Guided by the above mentioned authorities which favor appellate review of a sanctions order (even if the remand order itself is not reviewable), we hold that § 1447(d) does not *928 prohibit review by this court of the order of costs and fees.

III.

In connection with the remand, the trial court ordered that “pursuant to the authority of 28 U.S.C. § 1447(c), defendant is to bear the costs of this proceeding as well as the attorney’s fees of plaintiffs counsel.” Reviewing the merits of this order, we start with the referenced code section, as amended in 1988:

A motion to remand the case on the basis of any defect in removal procedure must be made within 30 days after the filing of the notice of removal under section 1446(a). If at any time before final judgment it appears that the district court lacks subject matter jurisdiction, the case shall be remanded.
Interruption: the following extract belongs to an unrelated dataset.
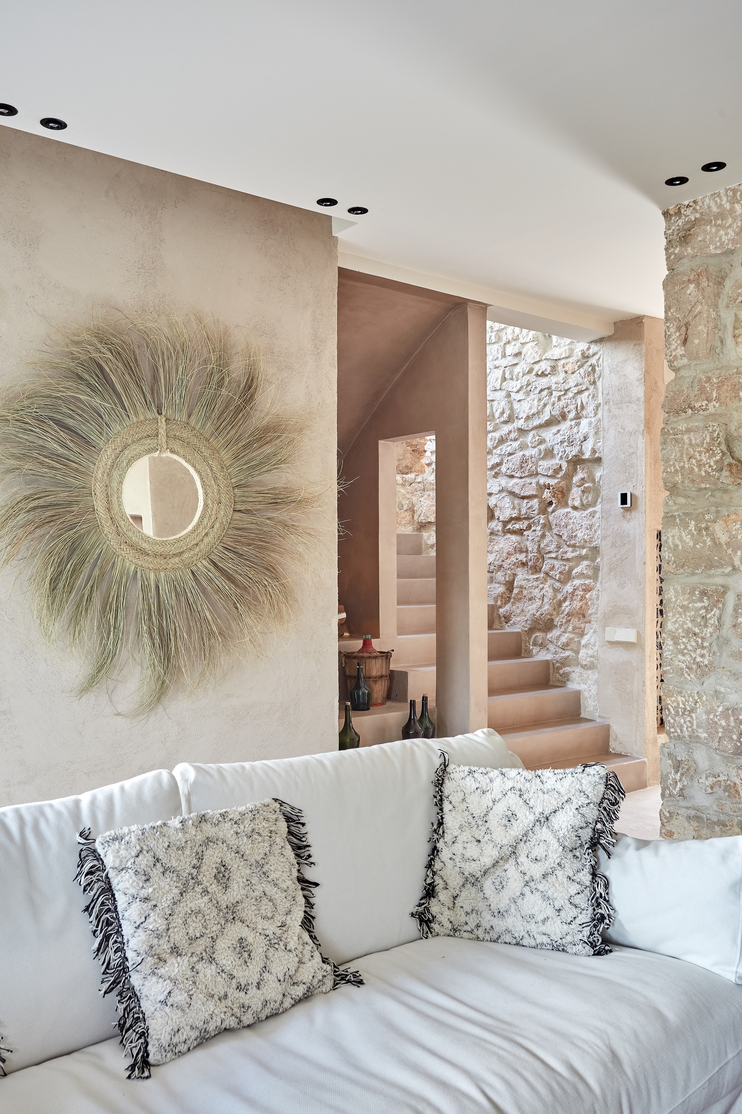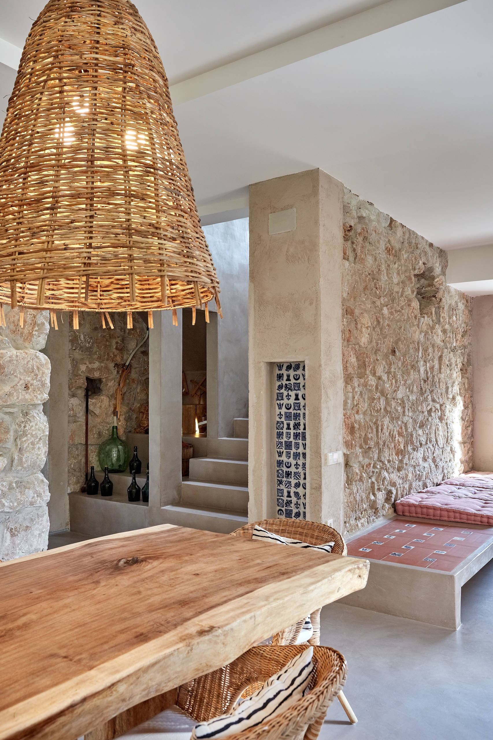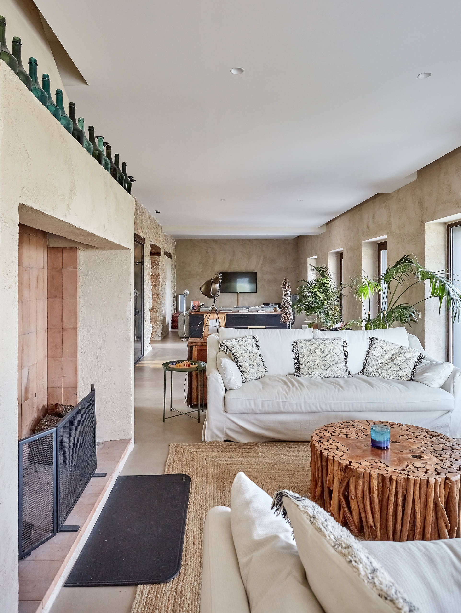 “Me gusta mucho la artesanía indonesia y aproveché para hacer un gran pedido de mobiliario y accesorios, sobre todo de madera y piedra. Asesorada por Mar he mandado fabricar muebles a medida. Definir el estilo de la decoración de la casa es difícil, pero diría que es una mezcla de estilo rústico y a la vez moderno”, comenta la dueña.

An order remanding the case may require payment of just costs and any actual expenses, including attorney fees, incurred as a result of the removal.
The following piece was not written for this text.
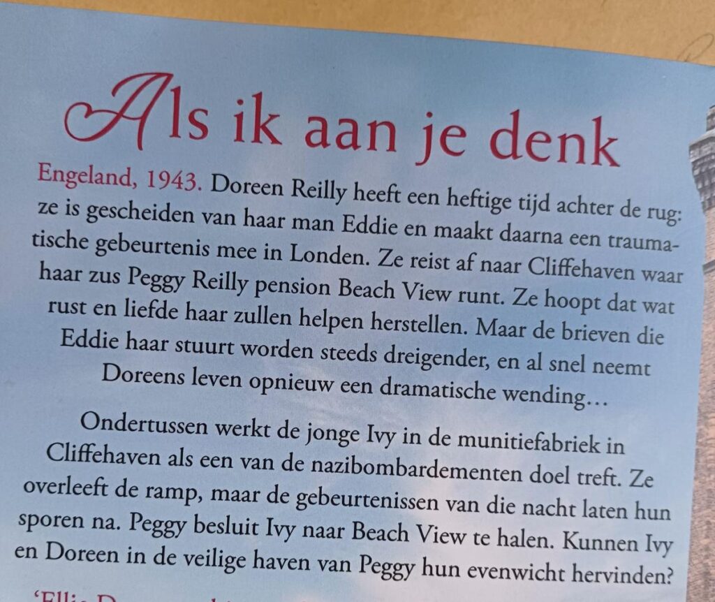 Pension Beach View in Cliffeaven blijft een veilige thuishaven. Voor zowel de personages als de lezers. Het leert ons dat zelfs in oorlogstijd, of andere donkere persoonlijke periodes, warmte, liefde, verbondenheid maar ook zelfspot en humor het fundament is van herstel maar zeker van ons bestaan. Ik kijk na het lezen van ‘Als ik aan je denk’ nu alweer uit naar het volgende deel.

28 U.S.C.A. § 1447(c) (West Supp.1993).

Nothing in this statute indicates how a court is to exercise its discretion in deciding whether to award costs and expenses. Under the former statute, an award of “just costs” was allowed if the case was “removed improvidently and without jurisdiction.” 28 U.S.C. § 1447(c) (1949), amended 1988. Although references to “improvident” removal have been deleted, we are not persuaded that Congress intended for routine imposition of attorney’s fees against the removing party when the party properly removed.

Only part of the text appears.